=== DATASET SECTION ===
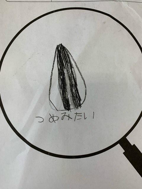 朝顔の種と比べると色も形も違うことに面白さを感じていました。
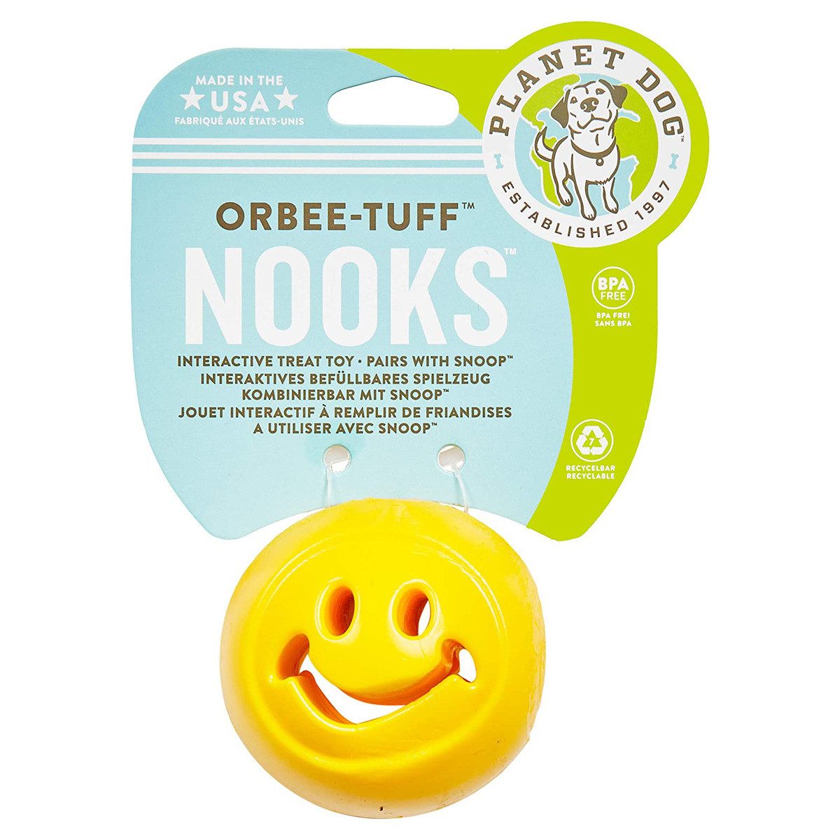 Orbee-Tuff NooksTM bietet ein ganz neues Ballvergnügen. Jede verrückte Form lässt sich mit Leckereien befüllen und für langanhaltenden Spaß auch einfrieren. Mit 6,5 cm eignen sie sich perfekt für einen Wurf mit dem Wood Chuck und passen genau in den Orbee-Tuff Snoop. Orbee-tuff ist eine ausgezeichnete Serie von geformten Spielzeugen mit unübertroffener Biegsam- sowie Festigkeit, welche für ein tolles Kauerlebnis sorgen. Planet Dog bietet schöne Farben, verrückte Designs und funktionale Lösungen. Jedes Produkt schwimmt. Jedes riecht minzig-frisch. Und ganz wichtig: sie sind ungiftig, umweltfreundlich und unglaublich haltbar.
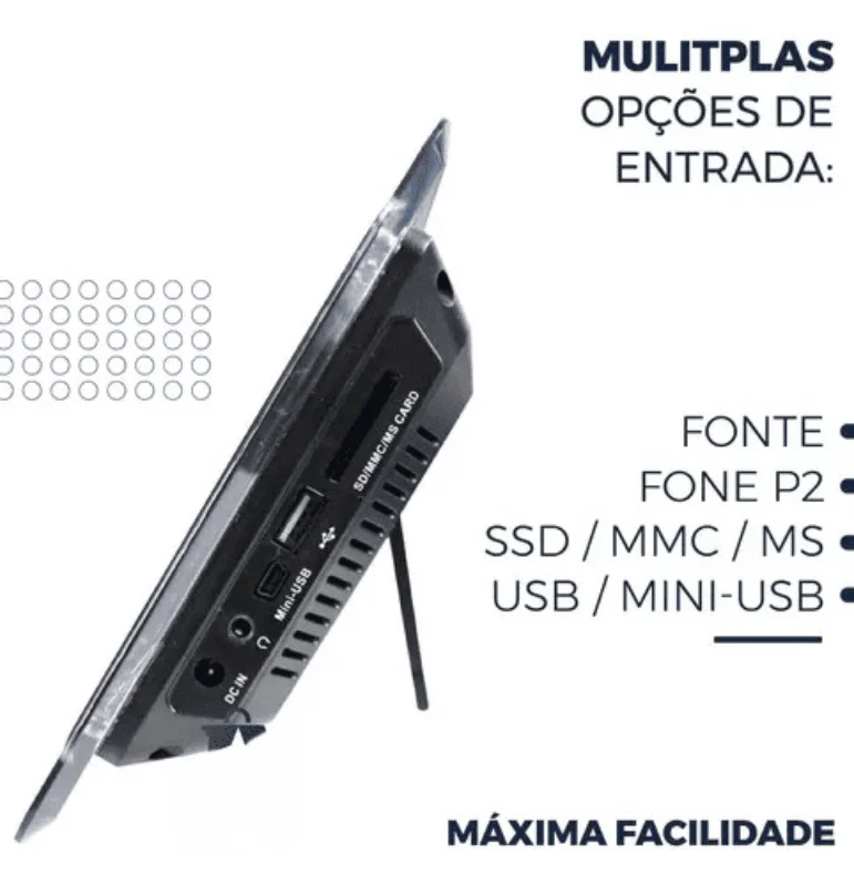 • Entrada USB, Cartão SD/MMC/MS e Mini USB.
===
### TASK TO CARRY OUT:
The copy must begin with the line containing "Orbee-Tuff NooksTM bietet", end with the last line of the material, match each line exactly, and hold no pictures.

### SOLUTION BELOW:
 Orbee-Tuff NooksTM bietet ein ganz neues Ballvergnügen. Jede verrückte Form lässt sich mit Leckereien befüllen und für langanhaltenden Spaß auch einfrieren. Mit 6,5 cm eignen sie sich perfekt für einen Wurf mit dem Wood Chuck und passen genau in den Orbee-Tuff Snoop. Orbee-tuff ist eine ausgezeichnete Serie von geformten Spielzeugen mit unübertroffener Biegsam- sowie Festigkeit, welche für ein tolles Kauerlebnis sorgen. Planet Dog bietet schöne Farben, verrückte Designs und funktionale Lösungen. Jedes Produkt schwimmt. Jedes riecht minzig-frisch. Und ganz wichtig: sie sind ungiftig, umweltfreundlich und unglaublich haltbar.
 • Entrada USB, Cartão SD/MMC/MS e Mini USB.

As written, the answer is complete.